#### What the exercise asks:
Starting at the first line of the material below and stopping after the line that includes "Titanium Steel Two-Tone", write the lines out again exactly. Drop any pictures.

#### Stored data:
*** Begin section ***
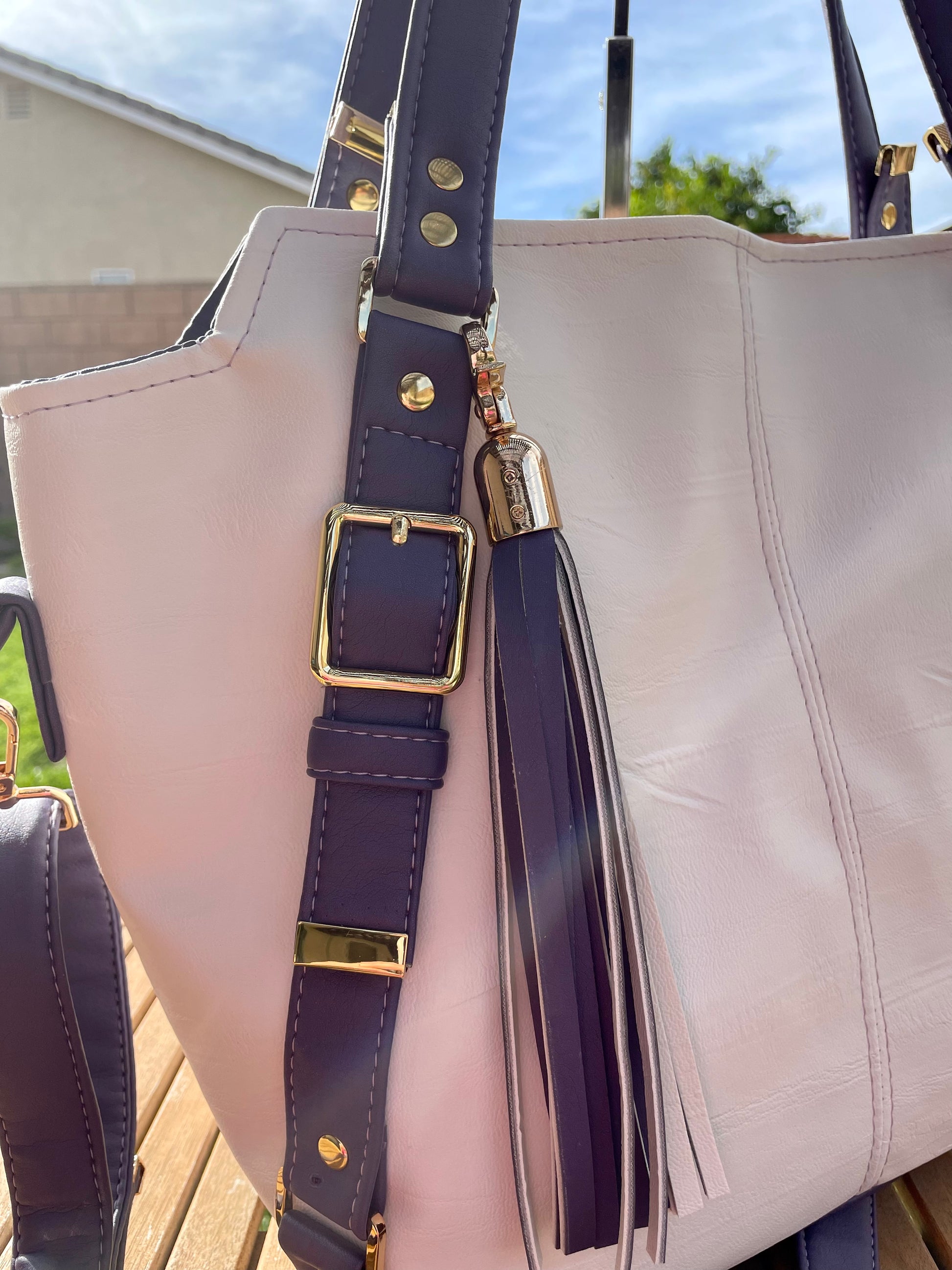 This bag is made with White textured faux leather with a beautiful contrasting purple. It is semi-structured with a delicate slouch. The front and back decorative straps lend the bag a high end look. The detachable adjustable strap allows the bag to be worn as a crossbody bag. The handles are long enough for the bag to be worn on the shoulder.
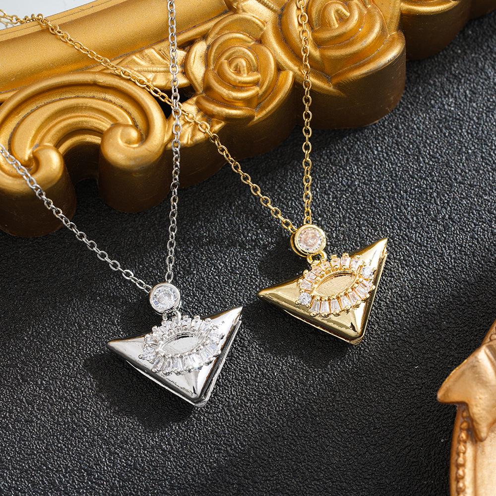 Titanium Steel Two-Tone Triangle Eye Pendant Necklace for Women — купить товар онлайн с бесплатной доставкой по всему миру!
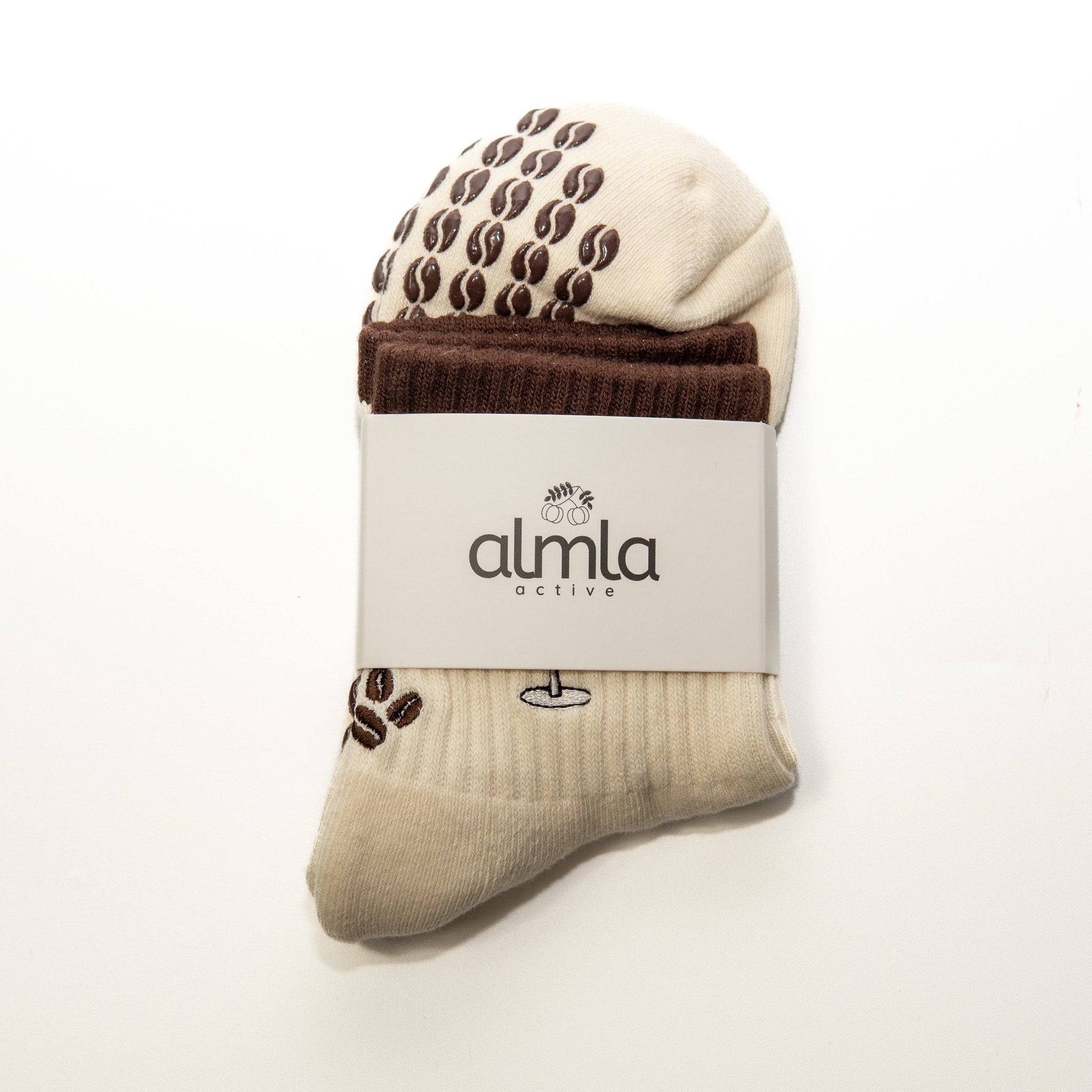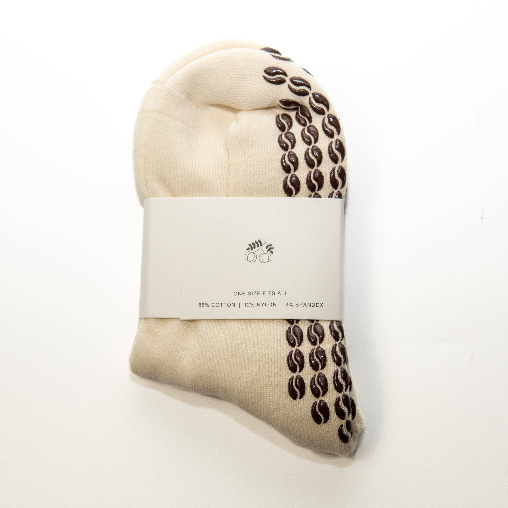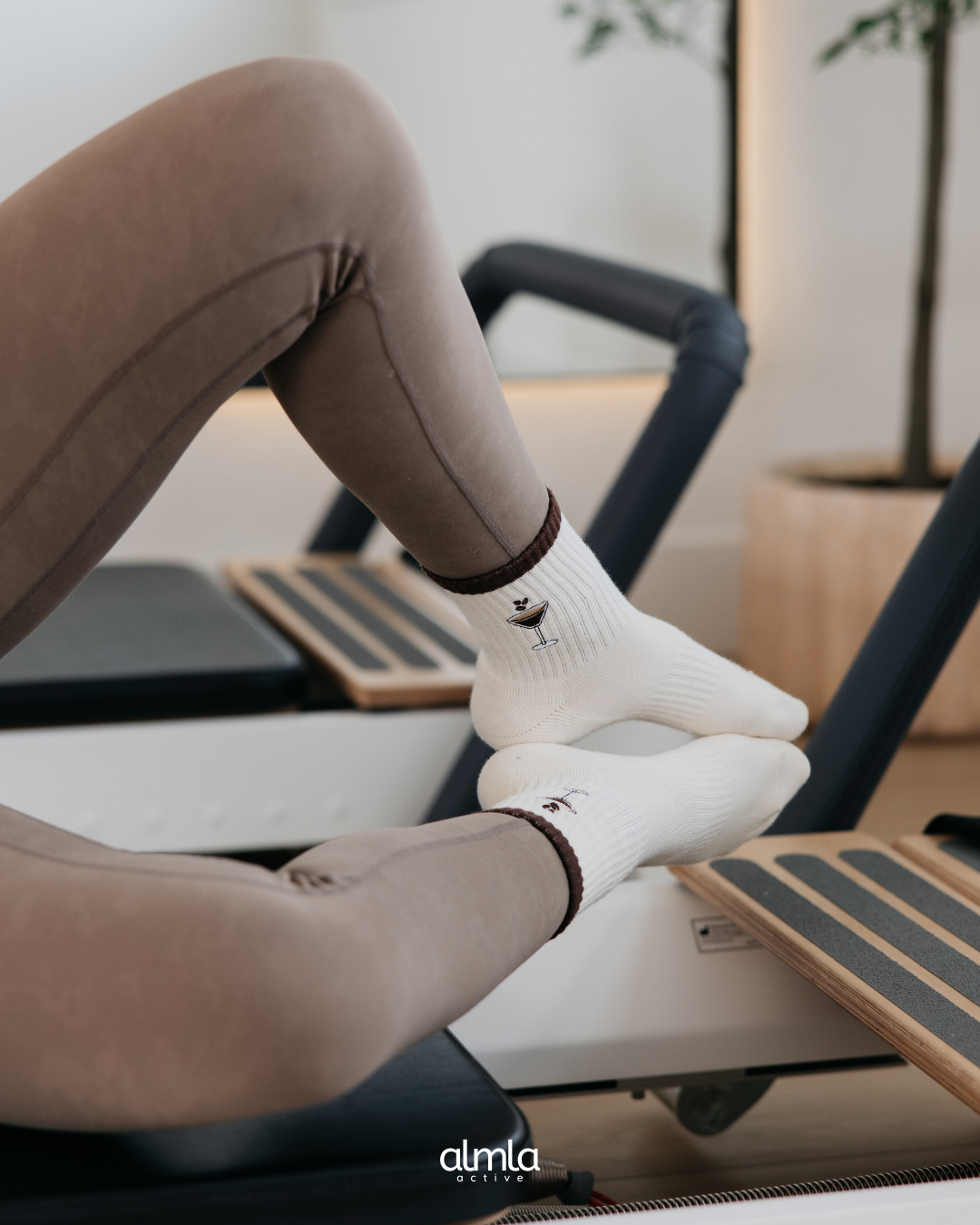 Introducing Espresso Martini Pilates Grip Socks Featuring embroidered espresso martini details on a cream sock, espresso bean detail on the back, and custom espresso-bean-shaped non-slip grips for the perfect blend of style and stability in the studio or on the go. Crafted from a premium cotton blend for comfort, durability, and breathability, these cream & brown Pilates grip socks pair effortlessly with your neutral and coffee-toned activewear or everyday loungewear.
*** End section ***
#### Answer section:
 This bag is made with White textured faux leather with a beautiful contrasting purple. It is semi-structured with a delicate slouch. The front and back decorative straps lend the bag a high end look. The detachable adjustable strap allows the bag to be worn as a crossbody bag. The handles are long enough for the bag to be worn on the shoulder.
 Titanium Steel Two-Tone Triangle Eye Pendant Necklace for Women — купить товар онлайн с бесплатной доставкой по всему миру!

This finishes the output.